The efficacy of molecular marker systems for characterization and diversity assessment of C. annuum is very important for breeding, improvement and conservation purposes. The estimation of genetic diversity among accessions is beneficial for the utilization and maintenance of genetic resources. Genetic estimation helps to widen the genetic base of the cultivars and prevents gene insertion or deletion [62]. Assessing degree of genetic indices in populations of crops within germplasm using easily affordable and high-proof reading molecular markers could be a useful technique for characterization, detection and selection of novel accessions in a plant breeding-based approach for germplasm conservation of viable genetic resources with potential traits [63, 64]. It will also aid in the verification of identified morphological traits for adequate discrimination of genotypes [65]. Many molecular markers have been used to explore the genetic ingenuity of planting materials and to identify significant phenotypic characters associated with them. Molecular markers of different types have been applied in the characterization, mapping and study of genetic diversity of pepper [2333]. In this study, SCoT and DMAD markers were explored to comparatively assess the genetic diversity of pepper accessions from Cross River and Ebonyi States of Nigeria.

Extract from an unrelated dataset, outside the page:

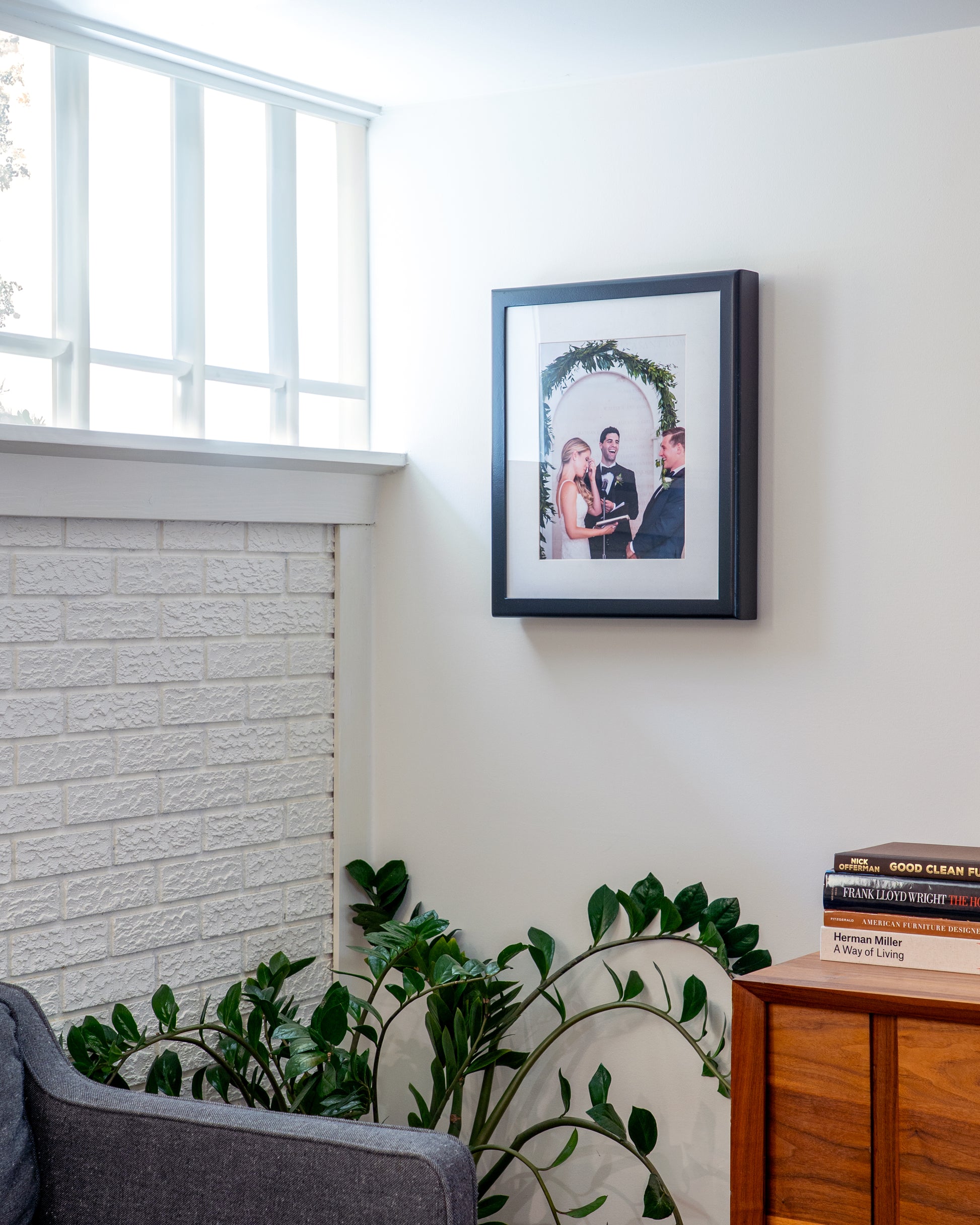 By default, Stash ships with a mat but without art, so you can choose what to display. Inserting your own 11” × 14” print is easy, and you can swap it any time. If you'd prefer your frame ready to hang upon arrival, you can add an original original Stash Frames print for $15, or a personalized art package where we print, mat, and install your chosen image before shipping (email us to inquire).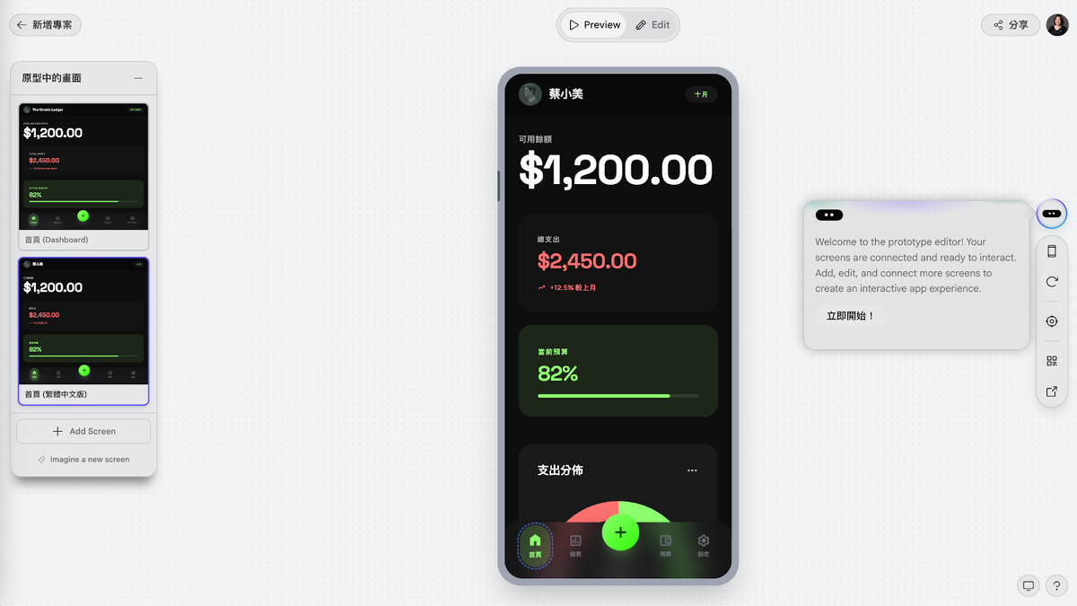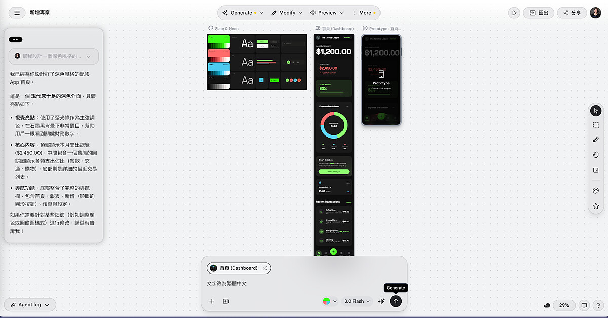 舉個例子,你可以跟 Stitch 說:「幫我設計一個深色風格的記帳 App,首頁要有本月支出總覽和圓餅圖」,它就會生成好幾個畫面讓你挑選。覺得哪裡不滿意,可以直接在畫布上點選那個元素,告訴它要怎麼改。

This became necessary since it is widely accepted that comparing different markers to study genetic diversity can be more resourceful and informative in the classification and selection of the best resolving markers [66].

Our results revealed that both SCoT and DAMD markers have high degree of discriminating potential on the pepper accessions as shown by the measured genetic diversity parameters (number of alleles per primer, PIC values, percent polymorphism, and polymorphic loci). Each of the markers, SCoT and DAMD resolved the accessions into five and three major groups, respectively using dendrogram and five clusters each based on PCA. The accessions were differently grouped by the two different sets of markers and this is possible due to variation in the accessibility of different genomic loci by the markers. Two major groups were identified in a study involving 149 black pepper germplasms using EST-SSR markers [33], while five major groups were detected in 30 accessions using SCoT markers [31] and this is in agreement with our findings with SCoT markers. Further, two major groups were found in a study involving 11 Chili pepper using AFLP markers [67]. The discrepancy between dendrograms and clusters of the pepper accessions by the two marker approaches could be linked to the different nature of the markers with regards to their regions of coverage in the genome, level of polymorphism and the number of loci involved as earlier reported [68, 69]. This further demonstrates the significance of total number of identifiable loci and degree of coverage in the whole genome to actualize the required genetic relatedness within accessions [68].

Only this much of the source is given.